(Records provided Opens)

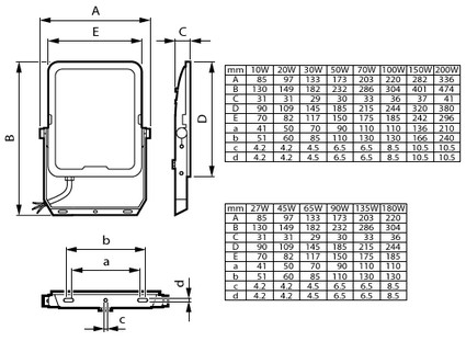 Světlomety Ledinaire All-in, Tlakově litý hliník, Šedá, Dopravní šedá B (RAL7043), Jednovrstvý práškový potah, Předřadník integrovaný na desce LED (DoB), All-in, Multi Color Temperature, 5500 lm, 6000 lm, 50 W, 120 lm/W, 110 lm/W, 3000 K, 4000 K, 6500 K, (0.440,0.403); (0.369,0.364); (0.313,0.337) SDCM5, CRI80, Symetrická, IP65 | Ochrana proti proniknutí prachu, ochrana proti tryskající vodě, IK07 | 2 J zesílená, Bezpečnostní třída I, Úroveň přepěťové ochrany do 1,5kV vdiferenciálním režimu a1,5kV vběžném režimu, Kabel 1,0m bez konektoru, Volné přívody / kabely
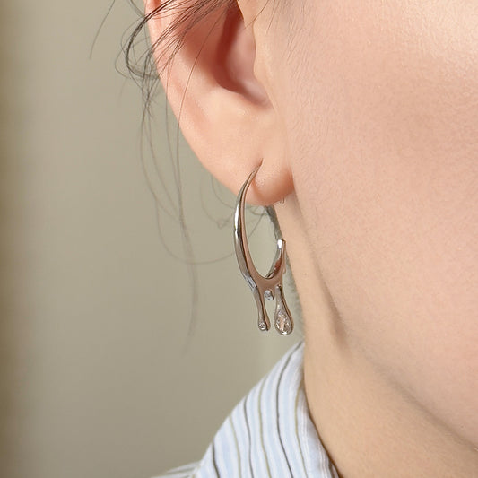 Bailey Melt Rhinestone Hoop Earrings - Silver
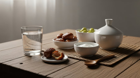 A rustic wooden table set with a traditional breakfast spread. The table features a bowl of dates, a bowl of yogurt, a glass of milk, a piece of flatbread, and a pitcher of liquid, possibly tea or coffee. The scene is set against a neutral background, highlighting the simplicity and warmth of the meal.
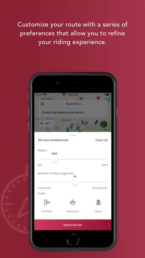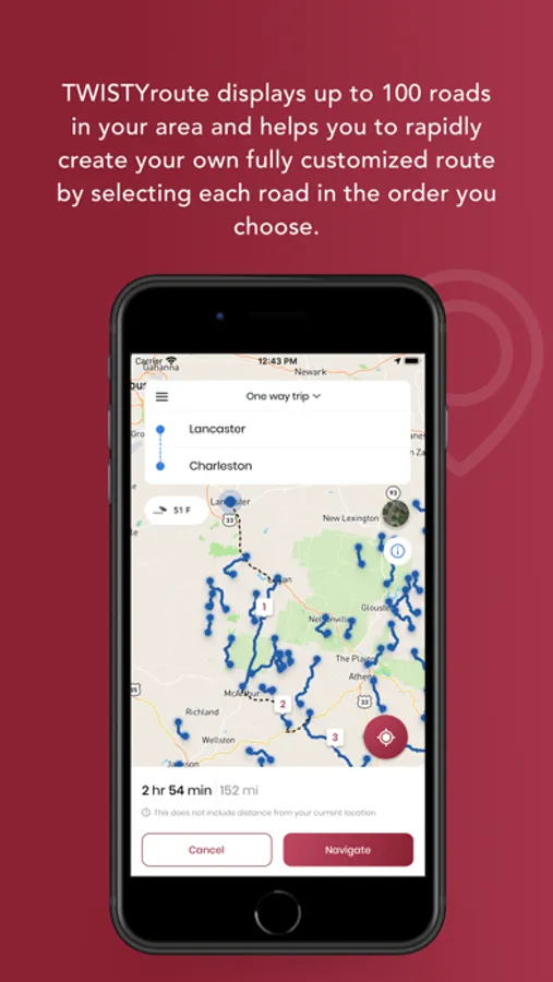 Search for and Display up to 100 twisty roads at once, increasing your ability to create and navigate the most fun rides possible.
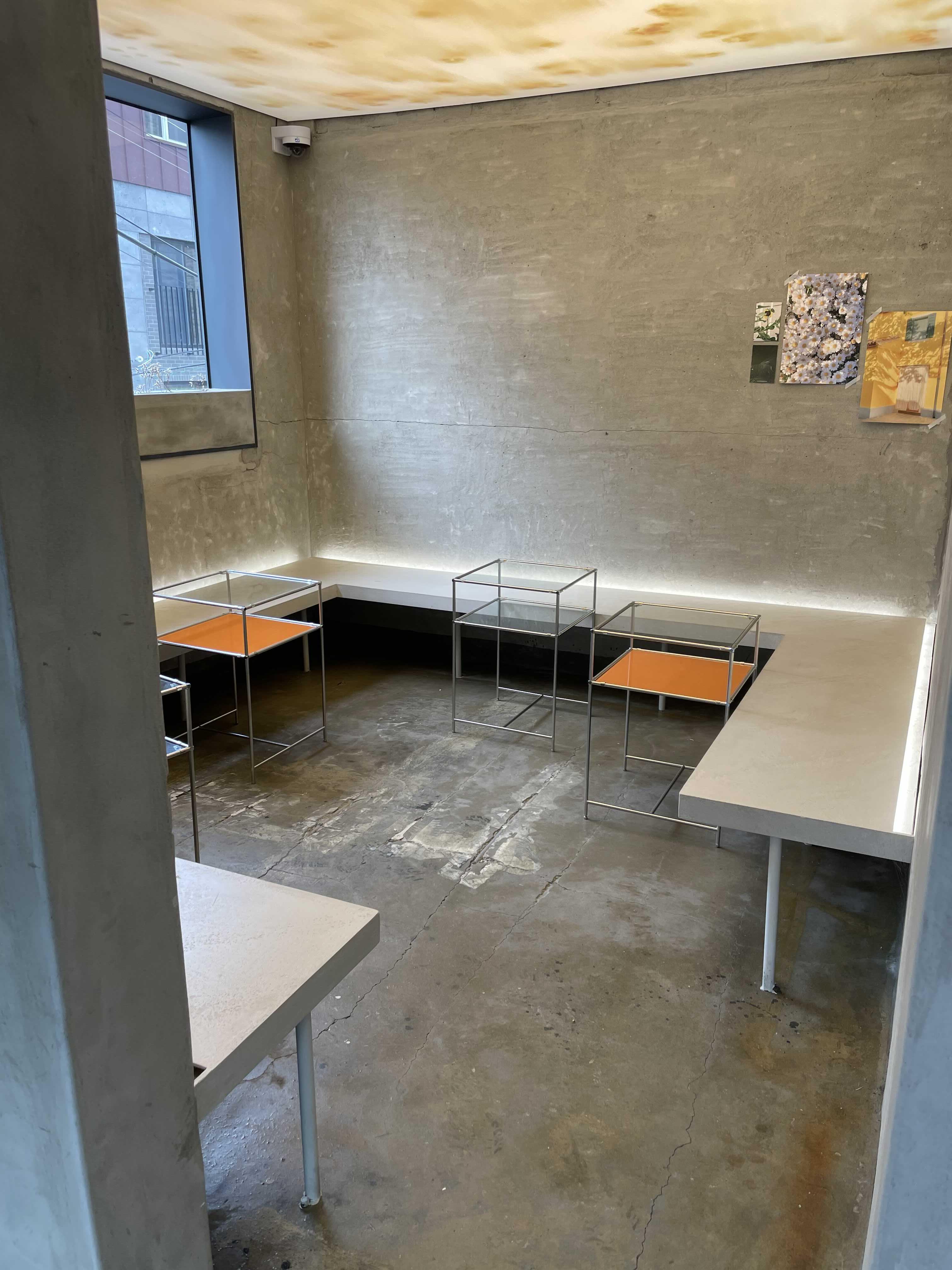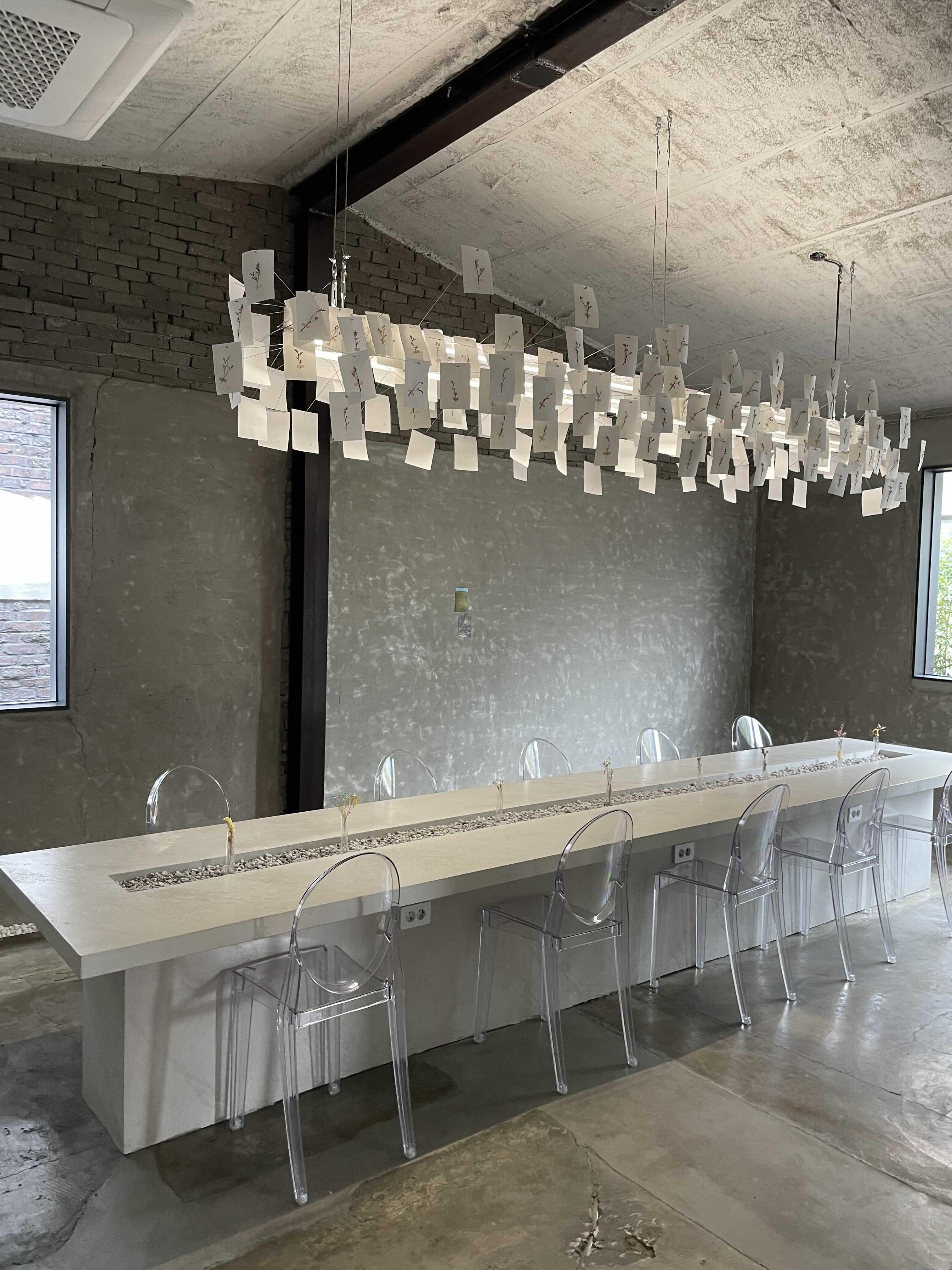 2층은 천고가 더 높았는데, 중세시대의 테이블을 연상시키는 긴 테이블과 투명한 의자, 그리고 천장에 매달려있는 종이들이 독특한 느낌을 내주었다.

(Records provided Closes)

What the exercise asks - Word for word, please reproduce each entry above and leave out every picture.

Expected answer -
 Světlomety Ledinaire All-in, Tlakově litý hliník, Šedá, Dopravní šedá B (RAL7043), Jednovrstvý práškový potah, Předřadník integrovaný na desce LED (DoB), All-in, Multi Color Temperature, 5500 lm, 6000 lm, 50 W, 120 lm/W, 110 lm/W, 3000 K, 4000 K, 6500 K, (0.440,0.403); (0.369,0.364); (0.313,0.337) SDCM5, CRI80, Symetrická, IP65 | Ochrana proti proniknutí prachu, ochrana proti tryskající vodě, IK07 | 2 J zesílená, Bezpečnostní třída I, Úroveň přepěťové ochrany do 1,5kV vdiferenciálním režimu a1,5kV vběžném režimu, Kabel 1,0m bez konektoru, Volné přívody / kabely
 Bailey Melt Rhinestone Hoop Earrings - Silver
 A rustic wooden table set with a traditional breakfast spread. The table features a bowl of dates, a bowl of yogurt, a glass of milk, a piece of flatbread, and a pitcher of liquid, possibly tea or coffee. The scene is set against a neutral background, highlighting the simplicity and warmth of the meal.
 Search for and Display up to 100 twisty roads at once, increasing your ability to create and navigate the most fun rides possible.
 2층은 천고가 더 높았는데, 중세시대의 테이블을 연상시키는 긴 테이블과 투명한 의자, 그리고 천장에 매달려있는 종이들이 독특한 느낌을 내주었다.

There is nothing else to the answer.